# Those pesky receipts...



## wka (Sep 18, 2009)

As I'm sure everyone knows by now, those of us who pay taxes in Greece are supposed to collect all of our receipts this year, for next year's taxes (or face a considerable fine). I found a website which is easy to use that allows you to enter the important info from the receipts, so if they fade over the course of the year, you'll have them; and it sorts things by date, type, and keeps running totals so you'll have an idea of how you're doing on your way to hitting the percentage you need.

There are actually several programs/websites of this type, I'm not sure this is the best one, but it's the one that I started using and so far it's been really simple to use, and it confirms the accuracy of the ΦΠΑ which is helpful. My-Money

Even if you do use one of these programs/sites, you _still have to hold onto all your receipts!_ So don't just enter them and then throw them away!

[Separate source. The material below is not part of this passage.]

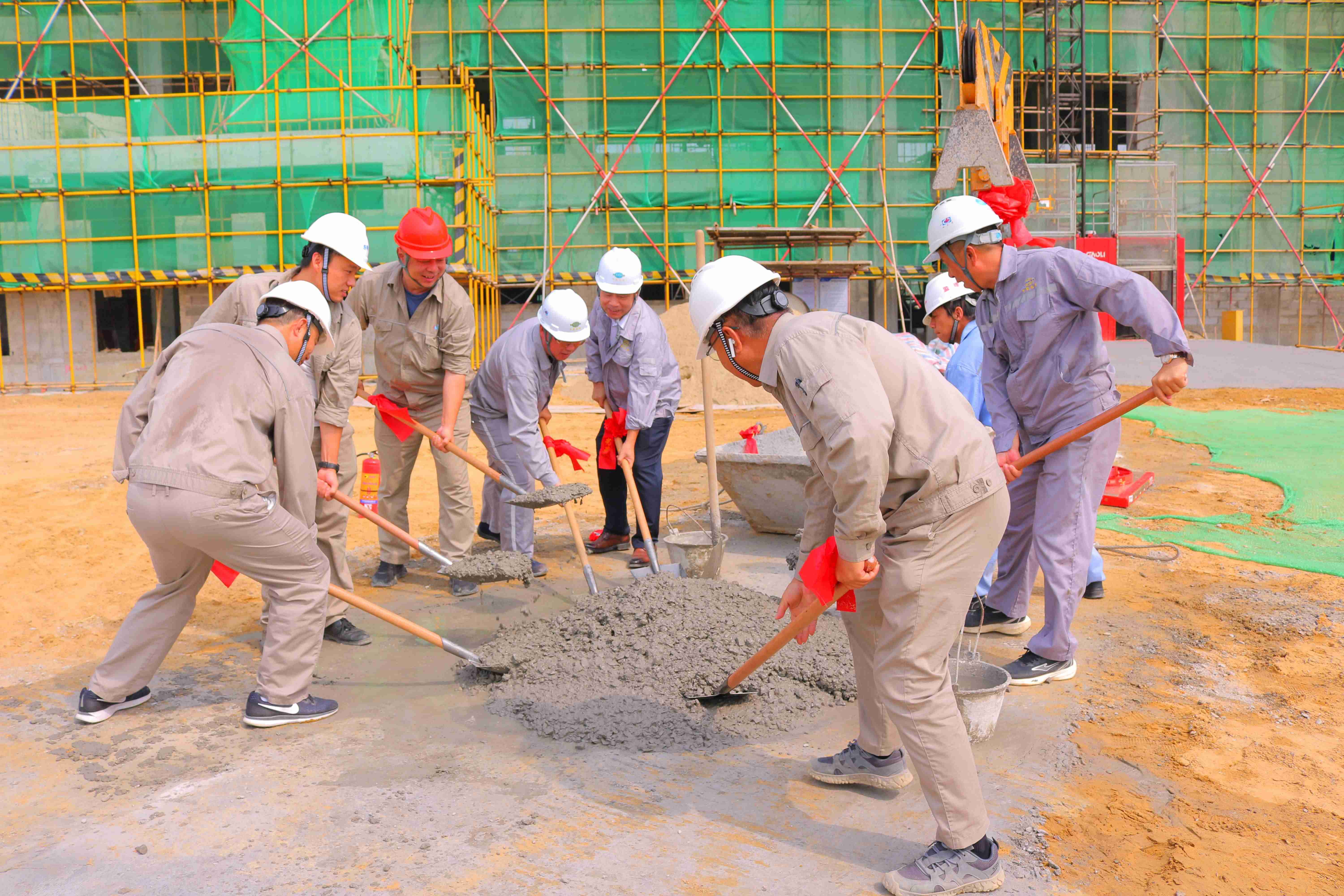 時風澍雨釀花天,吉日良辰喜報連。8月8日,隨著最后一段頂板混凝土完成澆筑,20萬噸/年混合廢塑料資源化綜合利用示范性項目辦公樓結構喜封金頂,標志著項目階段性節點順利完成,為年底建成投產奠定了堅實基礎。惠城環保集團子公司廣東東粵化學科技有限公司總經理李恩泉、中國化學工程第四建設有限公司華南分公司黨委書記尋飛躍、廣州石化建設監理有限公司總監理工程師盛筠等領導出席封頂儀式。

For a simple explanation of what counts and what doesn't, how much in receipts each tax bracket needs to produce, ...too bad, I haven't found one yet! Hopefully there will be some very clear instructions soon, as it's already the 3rd month of the year!

Incidentally, I have had a hard time identifying the "receipt number" on some receipts. If you find anything that says Α/Α, Αυξ. Αριθ., or something like that, that is the right number; or just look for a # sign, or just rule out as many irrelevant numbers and take a wild guess from the ones that remain.

Happy receipt-collecting to all!


----------



## Silvie (Mar 3, 2010)

Thank you for the tip, I already have a box full of receipts and it is only the beginning of March. I will do this with the program, because I was already wondering who on earth is going to sort them out, but I suppose that would have been me anyways.


----------



## Silvie (Mar 3, 2010)

Hello again, 

I just have a quick question. How do you enter the receipts that you pay at EΛΤΑ but they are actually for some other company?


----------



## wka (Sep 18, 2009)

I don't know... I don't have any of those!


----------



## priggipisa (Mar 8, 2010)

Thanks for the tip, will check the website out. I dread doing this. I'd like to know who on earth will be paid to look through all these logs & receipts afterall there is a crisis going on -can they afford to pay that many people? sorry just venting some of my frustration w/the decision. The website sounds great, because unfortunately many of the receipts do become practically invisible after a couple months. Thanks )


----------